The company’s one-time saviour has otherwise delivered little payoff, leading to growing discontent among its stakeholders. Under Mr. Chen, BlackBerry had become a hodgepodge of different businesses, mostly picked up through acquisitions before and after he joined. It provides in-car software to connect vehicles to the internet. It also sells cybersecurity software and provides device management software used by corporations to manage the fleets of devices used by their employees, the last holdover from its days as a smartphone powerhouse.
The cybersecurity business has been a disappointment, delivering far less growth than expected. BlackBerry’s jewel is its connected-car business, managed out of its QNX division in Ottawa, which was picked up in a 2010 acquisition. It is expected to deliver 20-per-cent annual growth for years, far more than the cybersecurity business. But the company recently announced disappointing revenues for both divisions and cut its revenue forecast for the connected-car division for the year, mainly because of delays in project implementation and reorganizations at some car makers.
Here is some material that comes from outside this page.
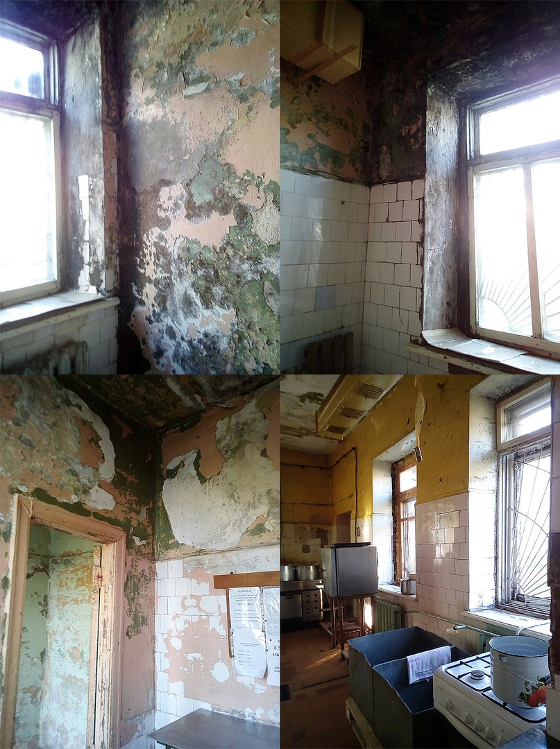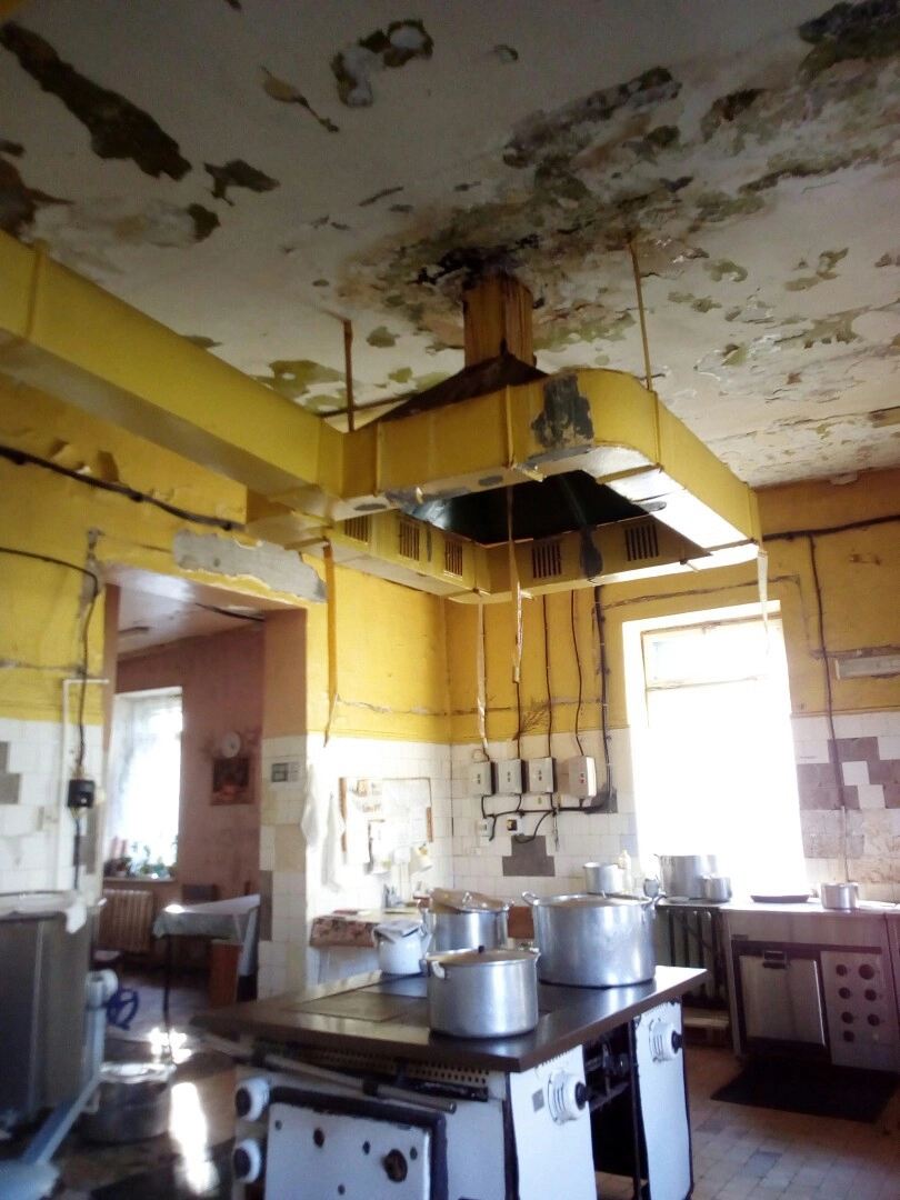 Судя по этим кадрам, в помещении обшарпанные стены и потолок. Также в пищеблоке газовая плита и столовые принадлежности времен СССР.

Meanwhile, BlackBerry’s shares have languished for years – except for a brief spike when it became a “meme stock” in 2021 and Mr. Chen promptly sold US$24.8-million worth of performance-based shares which had only vested because of the craze-fueled surge. The stock has since fallen back and now trades at roughly the same level it was 24 years ago when its wireless e-mail device was the world’s hottest tech gadget, and 41 per cent lower than its last closing price before Mr. Chen joined.
Outrage over BlackBerry’s rich executive pay – including the meme-stock-triggered bounty for Mr. Chen - resulted in two major proxy advisers, Institutional Shareholder Services Inc. and Glass Lewis & Co., recommending a “no” vote on the company’s non-binding “say on pay” resolution at its June 2022 annual meeting. Lead independent director Prem Watsa was barely re-elected, garnering just 50.7 per cent support, after Glass Lewis suggested shareholders voting against him and the other two board members on the compensation committee.
Then, British hedge fund Fifthdelta Ltd. accumulated nearly 10 per cent of BlackBerry stock to become its largest shareholders. Given it has made other investments in the internet-of-things space, it appeared to be interested in BlackBerry’s connected car business. Some observers have speculated Fifthdelta’s arrival was the catalyst for a strategic review announced in May weeks before this year’s annual meeting that led to the spinout plan.
Mr. Chen is also not popular among employees, with an approval rating of just 35 per cent on Glassdoor, a site that tracks worker sentiment about their employers.
Under the company’s spinout plan, Mr. Chen said this month that BlackBerry would likely sell 20 per cent to 30 per cent of the QNX business in an initial public offering, with a target of next June.
Mr. Chen remained intent during his last public comments on proving convergence of the two soon-to-be-separated business units could create value in the market but acknowledged that hadn’t happened yet, acknowledging the cybersecurity business needed to prove it could succeed on its own without requiring subsidization from other parts of the company.